Ces derniers mois, chaque envolée du cacao se traduit par un repli du titre du chocolatier. Et inversement. Depuis 2023, la flambée de la fève a été telle que The Hershey Company s’apparente désormais à un quasi-pari inverse de l’évolution de la matière première elle-même.

La corrélation inverse est frappante : alors que le prix d’une tonne de cacao reculait de 11 280 à 8 500 dollars la tonne depuis le 20 mai, l’action Hershey, elle, s’est appréciée de près de 30 %.

Évolution de l’indice S&P GSCI Cocoa Index qui mesure l’évolution du prix des contrats à terme sur le cacao et The Hershey Company. On y voit une forte corrélation inverse depuis le début de l’année

Au-delà de sa sensibilité au prix du cacao, Hershey s’appuie depuis de nombreuses années sur de solides fondamentaux et une trajectoire de croissance remarquablement régulière. En dix ans, le chiffre d’affaires est passé de 7,4 à 11,2 milliards de dollars, la marge opérationnelle a gagné trois points et le bénéfice par action a été multiplié par cinq. Le groupe a, dans le même temps, su contenir la pression d’une concurrence toujours plus intense. Seule ombre apparente : la forte progression de la charge d'intérêts qui devrait être alourdie par l’acquisition de LesserEvil, une marque spécialisée dans le popcorn. 

Pour faire face au contexte actuel, Hershey prévoit une hausse d’environ 20 % de ses prix dans la confiserie américaine à partir de la fin de l’exercice ainsi que de nouvelles économies de coûts. Mais ces leviers ont déjà été actionnés à plusieurs reprises depuis 2019. Ils offrent ainsi une marge de manœuvre relativement limitée. Et même si des gains de productivité et de pricing sont au rendez-vous, ils risquent d’être absorbés par l’inflation des intrants et les droits de douane. Reste aussi le risque d’une contraction des volumes. L’environnement actuel pousse les ménages américains à préserver leur pouvoir d’achat aux achats essentiels ou aux alternatives moins chères. Ces craintes expliquent pourquoi le titre se traite, depuis plusieurs mois, sur des multiples de valorisation nettement inférieurs à la moyenne historique. 

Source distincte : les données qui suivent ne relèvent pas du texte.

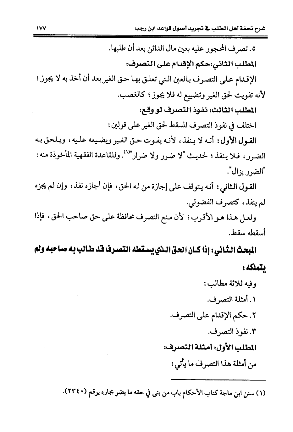 (¬1) سنن ابن ماجة كتاب الأحكام باب من بنى في حقه ما يضر بجاره برقم (2340).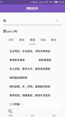 押韵助手是一款相当实用的押韵造句工具。这款软件整合了全汉字库、全唐诗、全宋词、全元曲以及百万级歌词资源,能有效助力用户提升创作效率。其词汇覆盖范围不仅包含所有汉字,还收录了数十万常用词汇,无论您需要查询何种内容,都能在这里找到对应的押韵词汇。软件的查询速度十分快捷,能够精准且迅速地呈现所需的押韵词汇,让用户的押韵查询操作变得简单高效。

Reste que les observateurs du secteur anticipent une détente des prix du cacao l’an prochain. L’envolée récente tient surtout à des facteurs exceptionnels (sécheresse et parasites qui frappent les plantations de Côte d’Ivoire et du Ghana, les deux plus grands producteurs mondiaux). 

Cette année s’apparente ainsi comme un exercice de transition. La récente remontée du titre traduit l’idée que le plus dur est derrière et que 2026 sera meilleur.